In December 2002, defendant, a native of Guyana who has been a lawful resident of the United States since 1983, pleaded guilty to the crimes of aggravated unlicensed operation of a motor vehicle in the first degree and driving while intoxicated.   In 2010, the Department of Homeland Security notified defendant that removal proceedings had been commenced as a result of his conviction of aggravated unlicensed operation of a motor vehicle in the first degree, as well as his two prior convictions of petit larceny in 1993 and 1999 (see 8 USC § 1227[a][2][A][ii] ).   Defendant then immediately moved, pro se, to vacate the judgment convicting him of aggravated unlicensed operation of a motor vehicle in the first degree on the basis that, among other things, his counsel had been ineffective for failing to advise him of the immigration consequences of pleading guilty to that crime.   County Court assigned counsel, who filed supplemental motion papers.   Then, without conducting a hearing, the court denied the motion.   Defendant now appeals, by permission of this Court.

 County Court did not abuse its discretion by denying defendant's motion without a hearing on the basis that the motion was procedurally defective.   Although defendant's arguments exclusively pertain to matters entirely outside the record, neither the pro se motion papers nor the supplemental motion papers submitted by counsel contained “sworn allegations substantiating or tending to substantiate all the essential facts” underlying his claims (CPL 440.30[4] [b];  see People v. Leonard, 63 A.D.3d 1278, 1278, 881 N.Y.S.2d 220 [2009], lv. denied 13 N.Y.3d 797, 887 N.Y.S.2d 547, 916 N.E.2d 442 [2009];  People v. Murray, 25 A.D.3d 911, 912, 807 N.Y.S.2d 473 [2006], lv. denied 6 N.Y.3d 896, 817 N.Y.S.2d 631, 850 N.E.2d 678 [2006] ).

 Even if we were to find defendant's motion papers to be sufficient, we would still find that County Court did not abuse its discretion by denying the motion without a hearing.   In order to successfully assert an ineffective assistance of counsel claim under the U.S. Constitution, defendant must demonstrate that counsel's performance was deficient and that such performance prejudiced defendant (see Strickland v.
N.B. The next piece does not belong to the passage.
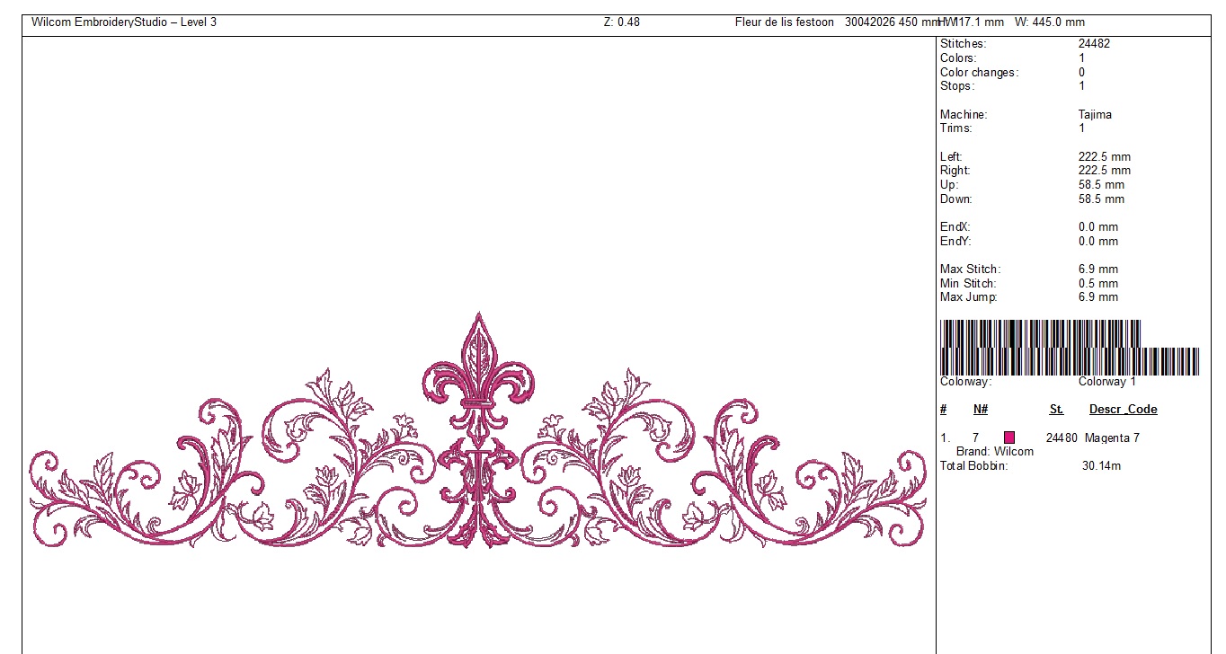 445 mm x 117 mm / 17.5" x 4.6" – 24,100 stitches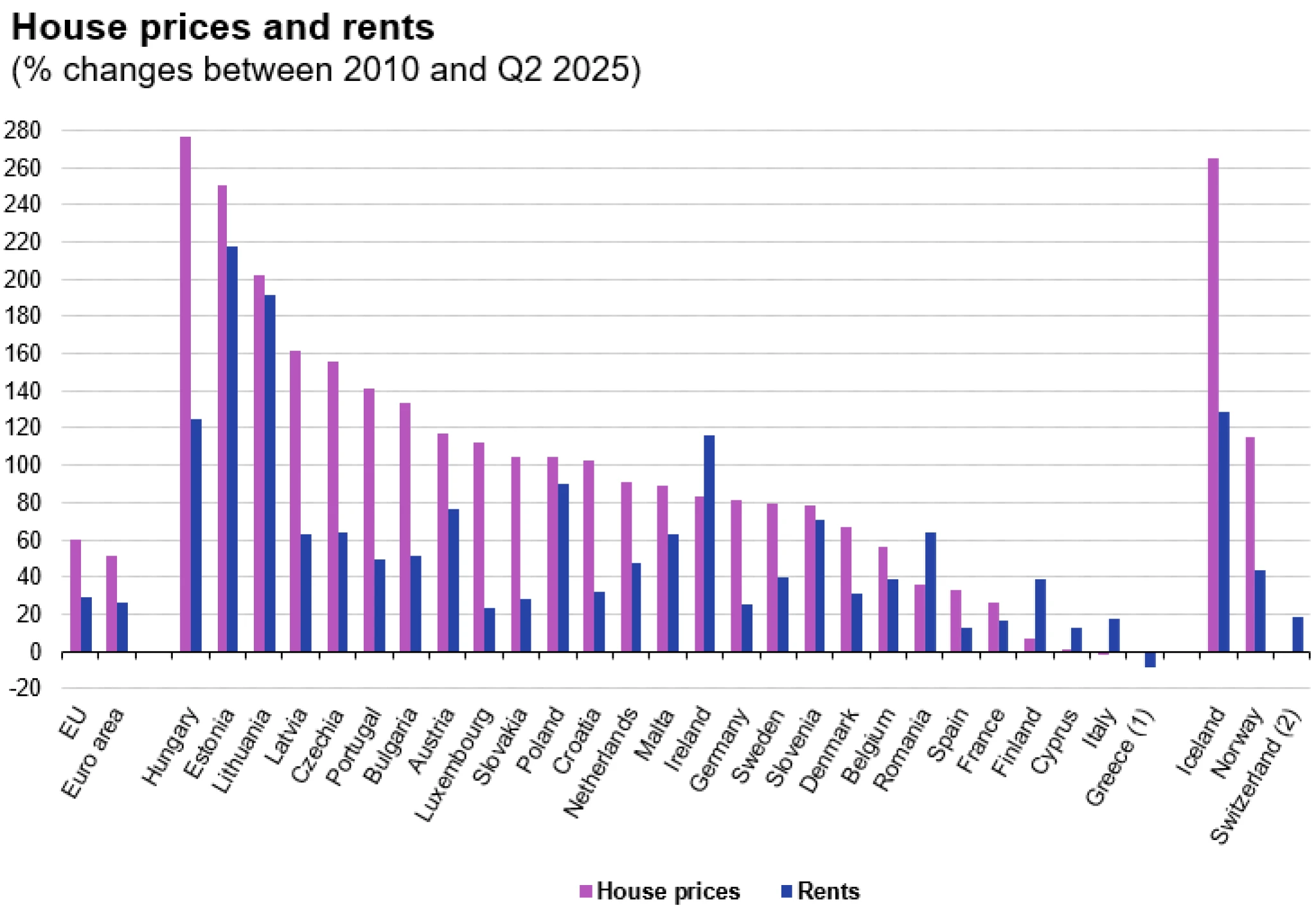 Ennél szemléletesebb adat, hogy a lakásoknál a hazai árak közel megháromszorozódtak (+277%) összehasonlítva a 2010-es árakat 2025 második negyedévével, míg Franciaországban 30 százalék alatt maradt az emelkedés. Hasonlóak az eltérések a bérleti díjaknál is.

Washington, 466 U.S. 668, 687, 104 S.Ct. 2052, 80 L.Ed.2d 674 [1984]. Further, assuming, arguendo, that the recent U.S. Supreme Court case, Padilla v. Kentucky, 559 U.S. ––––, 130 S.Ct. 1473, 176 L.Ed.2d 284 [2010] ), is appropriately applied retroactively,1 the record before us reflects that, at the time that defendant pleaded guilty in 2002, he had been previously twice convicted of petit larceny, which convictions rendered defendant a “deportable alien[ ]” according to federal law as early as 1999 (see 8 USC § 1227[a][2][A][ii] ).   Thus, regardless of whether defendant pleaded guilty to the charges in 2002, had been found guilty after trial or had been acquitted, his status as a deportable alien would not have been affected.   Accordingly, the alleged failure of defendant's counsel to inform him of the immigration consequences of his guilty plea in 2002 did not prejudice defendant in any way.

In light of this conclusion, we need not address defendant's remaining contention.

ORDERED that the order is affirmed.

FOOTNOTES

1.   Apparently, no appellate court in this state has directly addressed this issue and the trial courts are split in their decisions (see People v. Marino–Affaitati, 88 A.D.3d 742, 744, 930 N.Y.S.2d 77 [2011], lv. denied 18 N.Y.3d 995, 945 N.Y.S.2d 650, 968 N.E.2d 1006 [2012];  see also People v. Coelho, 31 Misc.3d 1230[A], 2011 N.Y. Slip Op. 50913[U], 2011 WL 2022568 [2011];  People v. Gasperd, 33 Misc.3d 1228[A], 2011 N.Y. Slip Op. 52147[U], 2011 WL 6014460 [2011] ).   Because the issue is not directly before this Court, we will not make any determination in this regard.

MALONE JR., J.

PETERS, P.J., ROSE, LAHTINEN and KAVANAGH, JJ., concur.